I have scars.
I got one recently after I cooked lunch for some friends. In the rush to have everything on the table at the same time, I burned my hand as I took bread out of the oven. It didn’t hurt until the next day. A puffy little blister, sore to the touch; I knew it would leave a mark.
There’s more. If you look closely, you can still see the faded triangle between my left calf and shin from the fifth grade when I tried to officiate a fight between two German Shepherds. On my other shin, there’s a scar from when I slid down a concrete bench in the 11th grade. I can still see where I got cut with a piece of glass on my right hand from who knows when.
What about the other scars? The ones that go deeper than dogs and bread?
It’s safe to say we all make a mess in life. It’s only when we refuse to clean up that mess, to deal with our wound, that things get ugly. I learned early on how to conceal what was inside by looking good on the outside. Do you know the smile I’m talking about? Thought so.
So instead of asking for help, the wound in me went unattended and infection set in. Gross and blistery, oozing with nastiness. No band-aid is large enough to cover guilt and shame forever. There I was, going to Bible study on Tuesday and bringing peanut butter cookies to the potluck, with that smile you know so well. Though I was in desperate need of some ointment, I was too worried what someone would think if I showed them how deep the wound went.
Just like it’s NOT normal for a person to show up at the ER smiling while bleeding profusely, it’s not acceptable to walk through life crippled because we’re afraid to seek help. Do you tell yourself, “Just keep smiling…no one will recognize I’m on crutches?!”
Reality is often ugly. Unfortunately the people we welcome into our lives don’t want to know WHERE we’ve come from, just that we arrived safely. It’s the equivalent of taking on this sort of Don’t Ask, Don’t Tell gospel!
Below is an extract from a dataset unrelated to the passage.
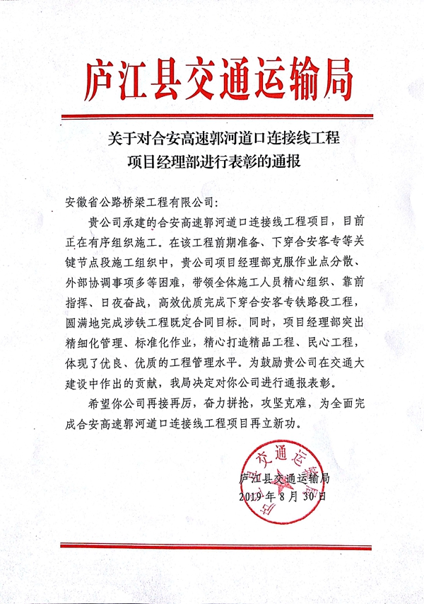 近期,廬江縣交通運(yùn)輸局對郭柯路項(xiàng)目圓滿完成涉鐵工程既定合同目標(biāo)進(jìn)行了通報表彰。

I’ll never forget going to a Bible study at one of the first churches we attended after moving to Nashville. We met in what seemed to be the busiest hallway on that Wednesday evening. It was, you know, one of those classes. The kind where the curious mill around the hallway just so they can see who walks through the door—unable to grasp the idea that imperfect people attend their church. Anyway, imagine my shock when my good friend walked in after me. I love this friend dearly and could never have imagined that we were on the same journey. Until then, she had never showed me her wound, I had never showed her mine.
Healing often begins when we realize we are not alone.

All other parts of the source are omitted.